I did not come here to be told as a matter of fact that trans people don't exist or deserve respect, that nonbinary people aren't "real" and to have academically acceptable studies on human identity and psychology be considered more biased than random youtube rants. Debate clearly is not handled appropriately. "Not having a safe space" doesn't need to result in active neglect to prevent personal attacks, intentional invalidation, instigation, and sometimes outright hate. Proper debate involves sharing valid, reputable sources. This is not valued by many people, and apparently they will gang up on you and parrot the word "biased" even if your source involves official and professionally conducted studies on the topic. Apparently, even the DSM-5 and the APA are now considered biased resources and some rando on the internet with a vendetta against "SJWs" is more knowledgeable on gender identity than a board of well-trained, well-read psychologists. Apparently, you're a PC liberal SJW if you don't identify as male or female but there's nothing wrong with you if you identify as a faerie and have half a dozen headmates... And apparently, my gender not matching what's in my pants means anyone should be allowed to misgender me because the "coroner will use your biology to identify you" and not your gender identity.
Yeah, no thanks. I really don't need that kind of crowd around me. If you'll excuse me, I have an imaginary shift to work at my imaginary job, because apparently nonbinary people don't real.
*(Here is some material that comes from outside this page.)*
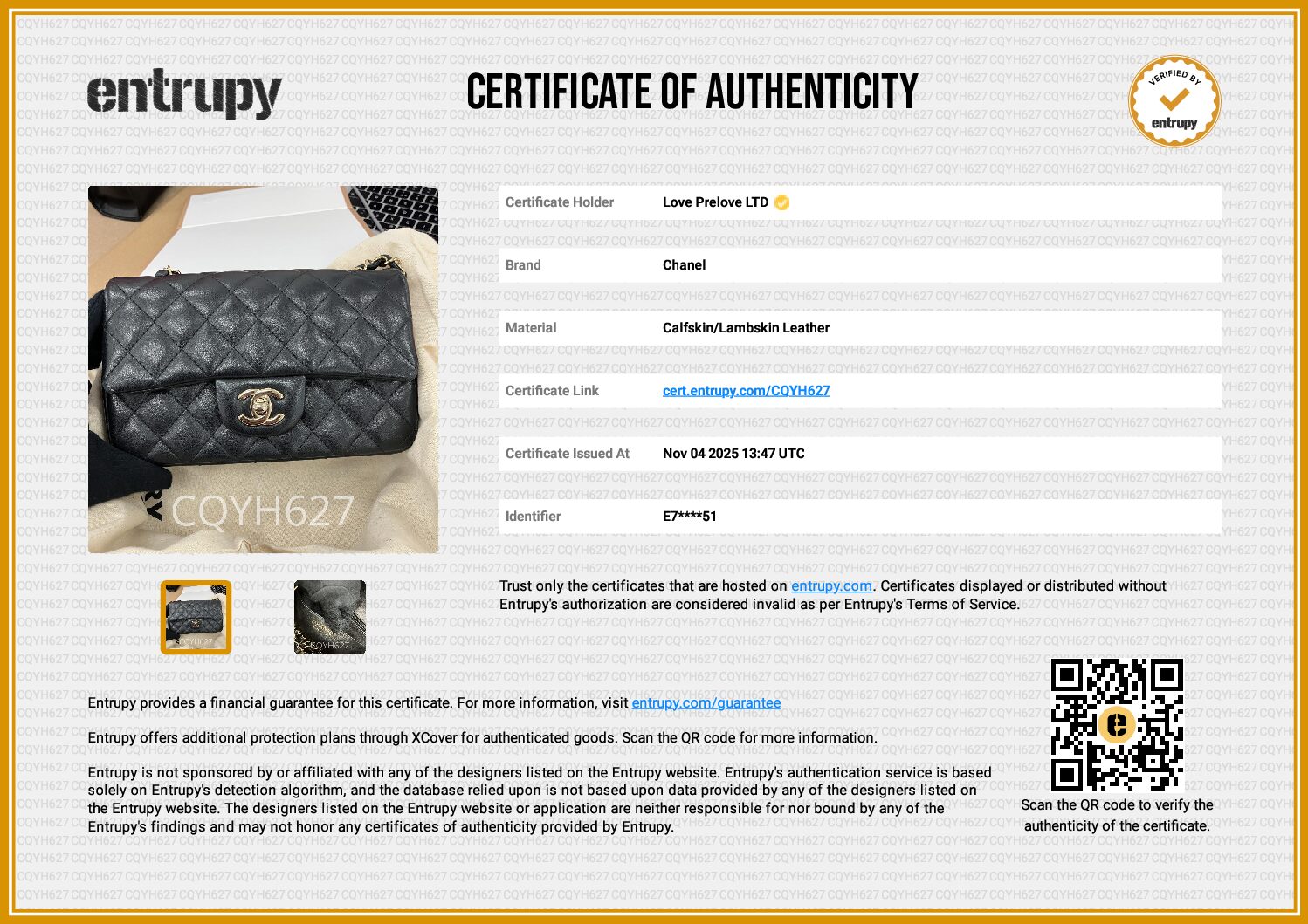 All bags sold via Love Prelove go through rigorous checks to ensure authenticity. All bags are sold with an authentication certificate either from Entrupy or Bababebi.

Some things have caused me far too much anxiety to be worth the effort of participation and I am beginning to second-guess just how willing I am to put in that effort.
I am not very comfortable knowing that being in a specific place inherently means being around cliquey groups and micro-armies with an agenda, hidden in a seemingly helpful community, much less those spearheaded by people with an already foul or unsavory history. I have learned much and come far, but I cease to need or desire training wheels when they start to resemble shackles.
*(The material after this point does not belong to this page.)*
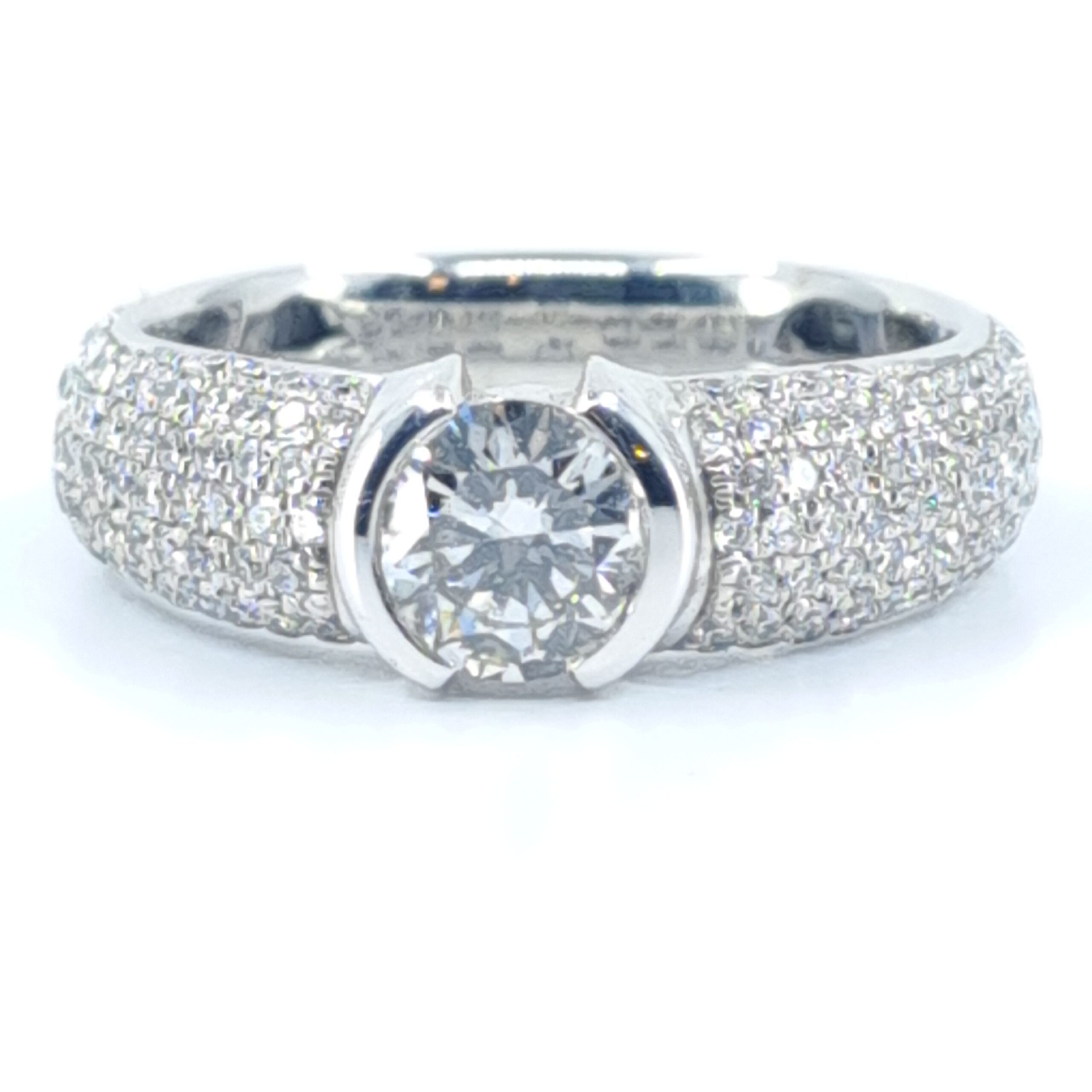 This luxury 18K gold diamond ring showcases a brilliant 0.63Ct F VS2 center diamond paired with 1.80Ct pavé-set diamonds on the shoulders for maximum sparkle. A perfect engagement ring, anniversary ring, or fine jewelry piece for those who love classic, high-quality diamond design.

I do not wish to feel locked in a community out of fear of being looked down on by people who I couldn't care less about, nor do I wish to feel trapped due to my empathetic delusions of moral obligation to help out. It simply isn't my job. My job is to find myself, not find others. And it is not their job to find me. I am not helping someone if I am trailing their scent like a bloodhound, and I will never pretend that I am - nor will I ever behave in such a manner. It is unfortunate, though, that this thought has apparently not occurred to so many people.
With people fading into the background and then disappearing without a trace or disappearing in the midst of a social mushroom cloud, I start to wonder just what the real problem is. Perhaps time spent observing will verify or disprove my theories as to what's truly causing it.
At the end of the day, at least I know when I have had enough.
Just a ramble/rant. I spend too much time on tumblr and sometimes things leak through my dashboard and it usually smells really bad...
There is a pretty thick line between empathy and identity. There is no benefit to trying to leap over it to "fit in" or seem more interesting or greater than any other human being. And yet, for some reason, people continue to do it.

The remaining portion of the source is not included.